THE DATA below:

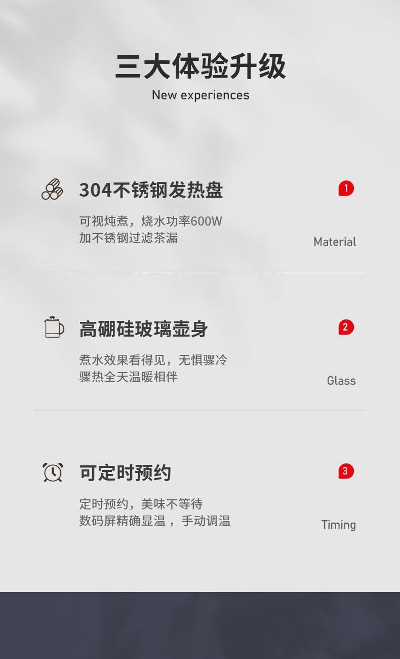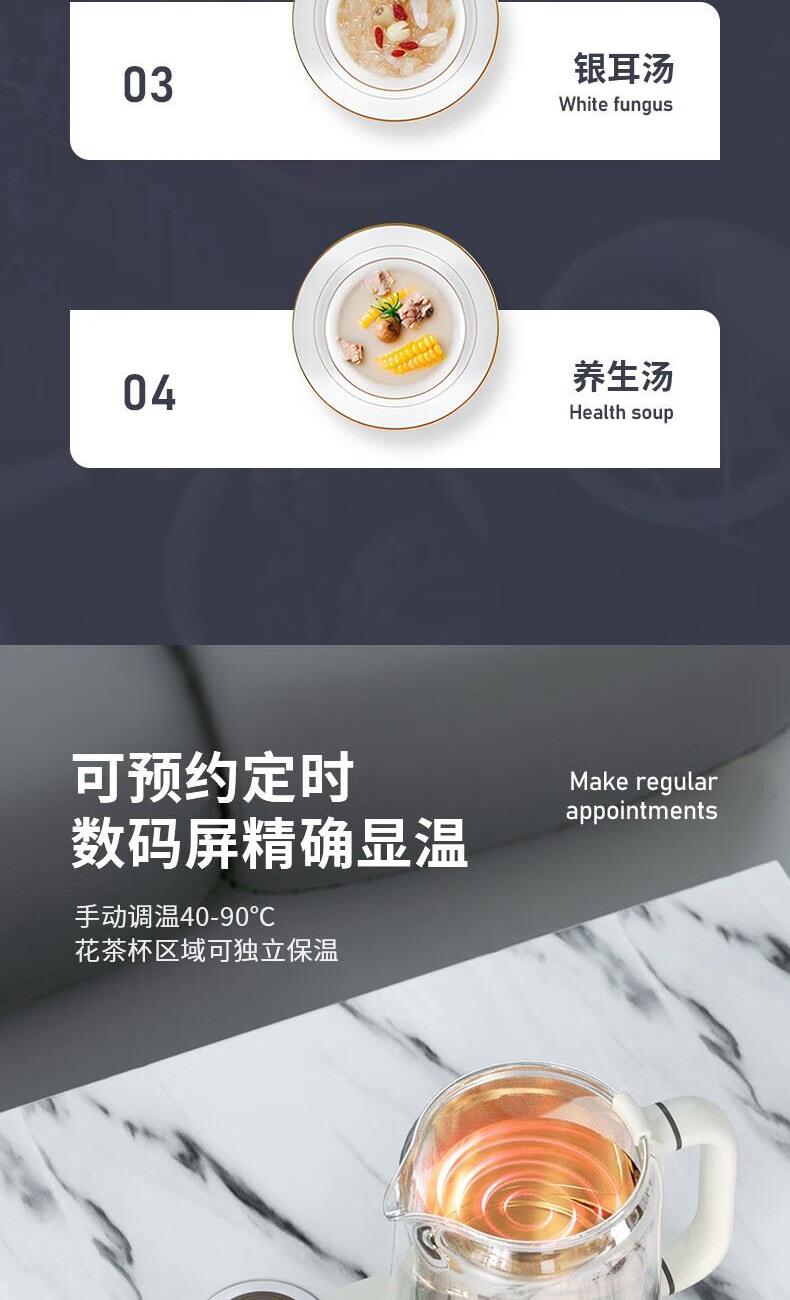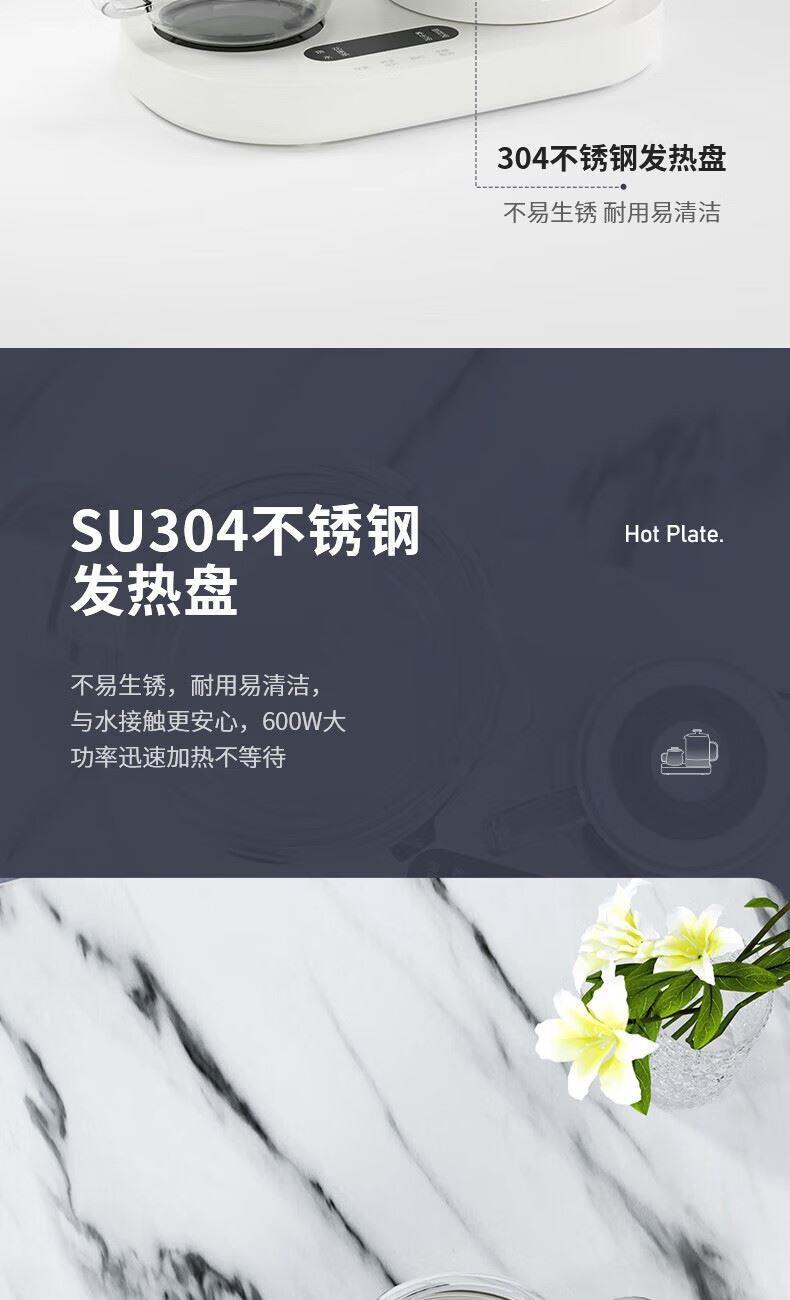 产品颜色:白色 产品材质:PP、高硼硅玻璃、304不锈钢 额定频率:50Hz 额定电压:220V~ 产品容量:800ml 加热功率:600W 保温功率:10W 总功率:610W 产品尺寸:210x195x310mm 产品净重:1.19KG 商品条形码:6971849440408 可视炖煮,烧水功率600W,加304不锈钢过滤茶漏。 高硼硅玻璃壶身,无惧骤冷、骤热全天温暖相伴。 可定时预约,数码屏实时显温,手动调温。 泡煮+暖饮,一杯一壶二合一。 内置智能芯片,根据菜单切换火力烹素。 SU304不锈钢发热盘,600W功率迅速加热不等待。
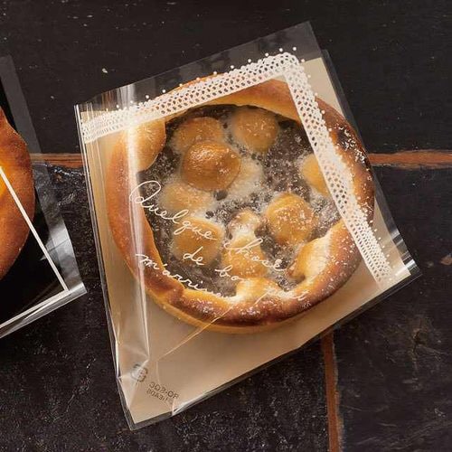 やさしいピンク色が女性に人気のシュークリーム袋です。前面は透明、背面がピンク色になっています。 |
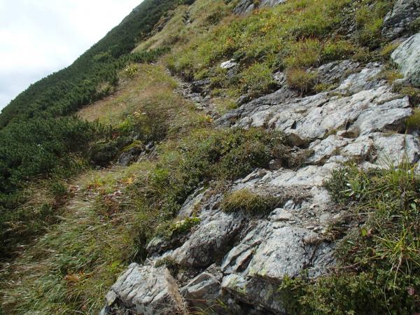 下部岩壁近くではガレてきて非常に安定しない足場になります。
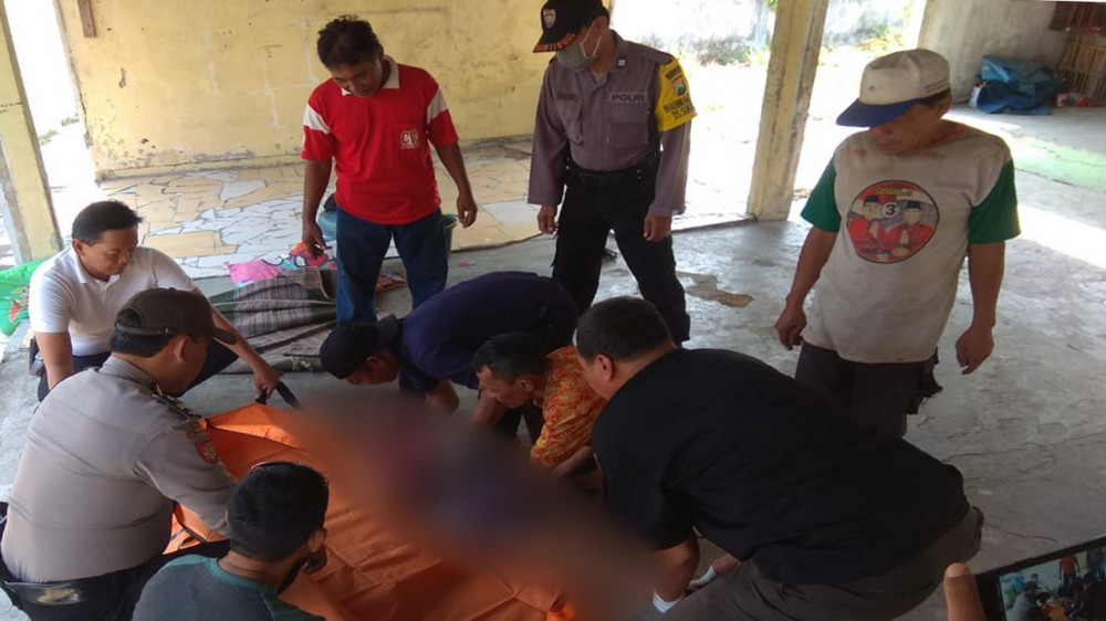 Jenazah Takimin (61), warga Desa Sukorejo Kecamatan Bojonegoro Kota, saat ditemukan meninggal dunia di area Pasar Kampung Baru, Desa Sukorejo Kecamatan Bojonegoro Kota. Sabtu (05/10/2019)
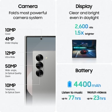 *Begränsat till Samsung smartphones. *Samsung Galaxy Z Fold6 har en topp ljusstyrka på 2600 nits på både Huvudskärmen och frontskärmen. Skärmarna är adaptiva och justerar ljusstyrkan automatiskt baserat på omgivningen. I områden med 5000 lux eller mer aktiveras Hög Ljusstyrka-läge och Vision Booster. *Jämfört med Samsung Galaxy Z Fold5 *Baserat på Samsungs interna labbtestvillkor med förhandsversion av given modell ansluten till hörlurar via Bluetooth under standardinställningar över LTE. Beräknad mot batterikapacitet och uppmätt ström över batteriförbrukning under videouppspelning (videofilupplösning 720p, sparad på enhet) och ljuduppspelning (mp3-fil, 192kbps, sparad på enhet med LCD-display avstängd), respektive. Faktisk video- och ljuduppspelningstid varierar beroende på nätverksanslutning, inställningar, filformat, skärmens ljusstyrka, batteriets skick och många andra faktorer.

End of THE DATA.

# WHAT IS NEEDED
Print the complete listing exactly, apart from any pictures.

# OUTPUT FOR THIS EXERCISE
 产品颜色:白色 产品材质:PP、高硼硅玻璃、304不锈钢 额定频率:50Hz 额定电压:220V~ 产品容量:800ml 加热功率:600W 保温功率:10W 总功率:610W 产品尺寸:210x195x310mm 产品净重:1.19KG 商品条形码:6971849440408 可视炖煮,烧水功率600W,加304不锈钢过滤茶漏。 高硼硅玻璃壶身,无惧骤冷、骤热全天温暖相伴。 可定时预约,数码屏实时显温,手动调温。 泡煮+暖饮,一杯一壶二合一。 内置智能芯片,根据菜单切换火力烹素。 SU304不锈钢发热盘,600W功率迅速加热不等待。
 やさしいピンク色が女性に人気のシュークリーム袋です。前面は透明、背面がピンク色になっています。 |
 下部岩壁近くではガレてきて非常に安定しない足場になります。
 Jenazah Takimin (61), warga Desa Sukorejo Kecamatan Bojonegoro Kota, saat ditemukan meninggal dunia di area Pasar Kampung Baru, Desa Sukorejo Kecamatan Bojonegoro Kota. Sabtu (05/10/2019)
 *Begränsat till Samsung smartphones. *Samsung Galaxy Z Fold6 har en topp ljusstyrka på 2600 nits på både Huvudskärmen och frontskärmen. Skärmarna är adaptiva och justerar ljusstyrkan automatiskt baserat på omgivningen. I områden med 5000 lux eller mer aktiveras Hög Ljusstyrka-läge och Vision Booster. *Jämfört med Samsung Galaxy Z Fold5 *Baserat på Samsungs interna labbtestvillkor med förhandsversion av given modell ansluten till hörlurar via Bluetooth under standardinställningar över LTE. Beräknad mot batterikapacitet och uppmätt ström över batteriförbrukning under videouppspelning (videofilupplösning 720p, sparad på enhet) och ljuduppspelning (mp3-fil, 192kbps, sparad på enhet med LCD-display avstängd), respektive. Faktisk video- och ljuduppspelningstid varierar beroende på nätverksanslutning, inställningar, filformat, skärmens ljusstyrka, batteriets skick och många andra faktorer.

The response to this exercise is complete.